10.Clinical efficacy of Infliximab in pediatric Crohn′s disease
Feihong YU ; Xiwei XU ; Dongdan LI ; Jin ZHOU ; Guoli WANG ; Huiqing SHEN ; Tianlu MEI ; Jing ZHANG
Chinese Journal of Applied Clinical Pediatrics 2021;36(10):740-743
Objective:To evaluate the clinical efficacy and safety of Infliximab (IFX) in pediatric Crohn′s disease (CD).Methods:The efficacy of IFX therapy in 30 patients suffering from active CD who were not completely improved with traditional medicine and enteral nutrition or had intolerance to the medicine in Beijing Children′s Hospital Affiliated to Capital Medical University from December 2014 to December 2019 were retrospectively analyzed.Pediatric Crohn′s Disease Activity Index (PCDAI), blood biochemistry indices, mucosal healing, nutritional status, and adverse reactions were compared and evaluated.Results:Thirty active CD cases, with 18 males and 12 females, were enrolled, and the average age was (8.63±4.76) years old.Three cases who didn′t complete 3 times of IFX injection and 1 case who lost to be followed up were excluded.A total of 26 cases of CD in active period were enrolled in this study on efficacy.The clinical remission and response rate of 26 cases were 61.5% and 84.6%, respectively, at 14-week of IFX therapy.The clinical remission and response rate of 21 cases were 71.4% and 85.7%, respectively, at 30-week.The clinical remission and response rate of 15 cases were 86.7% and 93.3%, respectively, at 54-week.At week 14 th, PCDAI score [(9.56±8.05) scores vs.(29.02±10.86) scores] decreased compared with before treatment ( t=7.339, P<0.05).
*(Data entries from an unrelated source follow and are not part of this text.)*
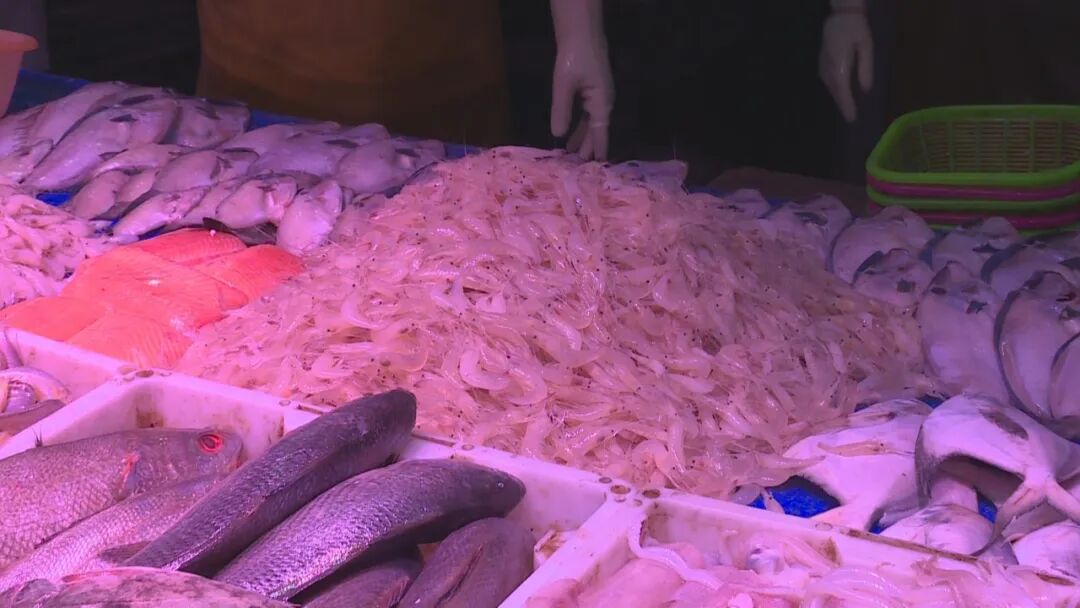 除了虾蟹,各类新鲜鱼类也十分热销,让商家忙个不停。“因为是9月份开捕了,带鱼、鲳鱼、野生小黄鱼这些卖得比较好一点。”经营水产8年的贾女士还向记者推荐了刚放上摊位的海白虾。“这个现在很好吃、很鲜的,买的人也比较多。”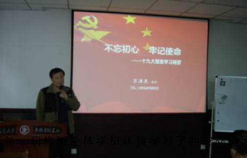 23日下午,研修班全體學(xué)員認真學(xué)習(xí)了西安交通大學(xué)CEO\EMBA公務(wù)員培訓(xùn)課程主講教授、陜西省行政學(xué)院教授、中共陜西省委講師團特聘教授、西北大學(xué)國際商學(xué)院兼職教授蘇源泉講授的題為《不忘初心牢記使命——十九大報告學(xué)習(xí)精要》的課程。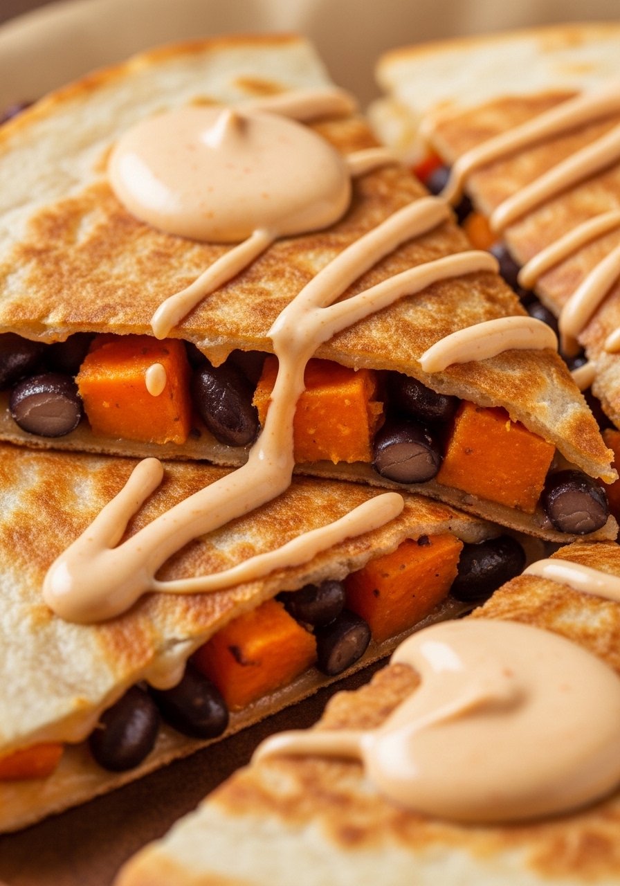 Smoky chipotle pairs with sweet potato for a complex, warming flavor. Add black beans for protein and texture—this vegetarian quesadilla recipe is cozy and smoky.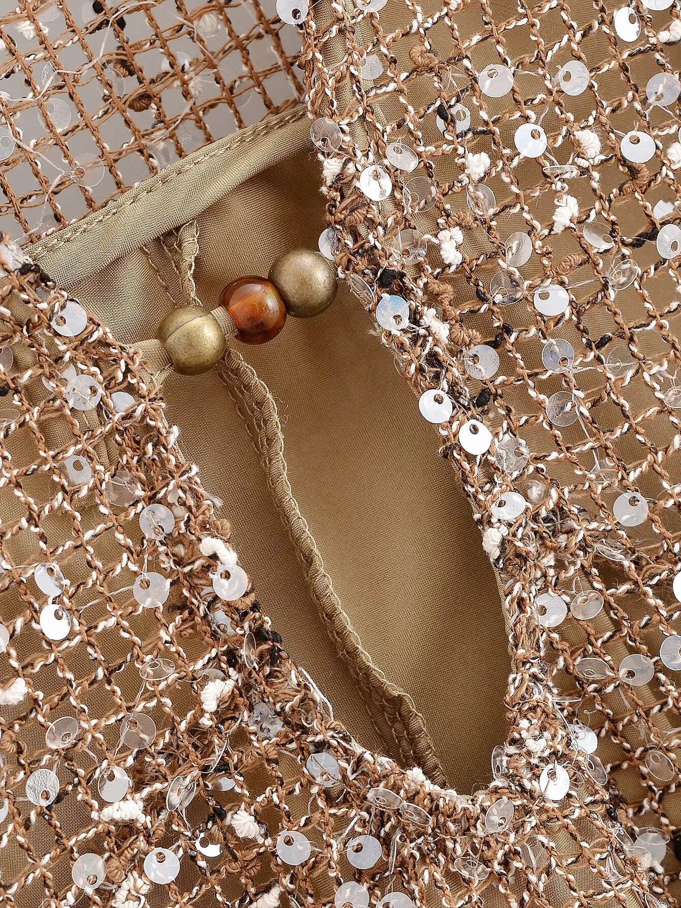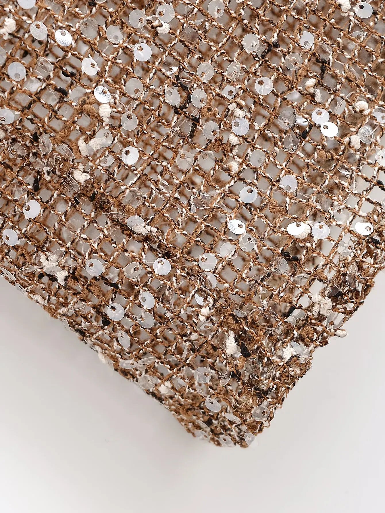 Women's Sequin-Embellished V-Neck Midi Dress – Lightweight Elegance for Summer

The levels of erythrocyte sedimentation rate [(15.54±10.26) mm/1 h vs.(33.77±21.30) mm/1 h] and C-reactive protein [(4.79±12.94 ) mg/L vs.(16.33±23.43) mg/L] were obviously decreased, and the hemoglobin [(126.27±16.51) g/L vs.(110.58±16.45) g/L], hematocrit [(37.03±3.95)% vs.(33.52±4.32)%], and albumin levels [(42.30±3.03) g/L vs.(37.13±5.68) g/L] were remarkably increased compared with those before treatment ( t=3.932, 1.993, -3.398, -3.060, -4.009, all P<0.05). Height for age Z score and body mass index Z score were increased after IFX treatment, without statistically significant differences (all P>0.05). Conclusions:IFX therapy had good clinical efficacy in controlling inflammatorys and inducing clinical remission in pediatric CD.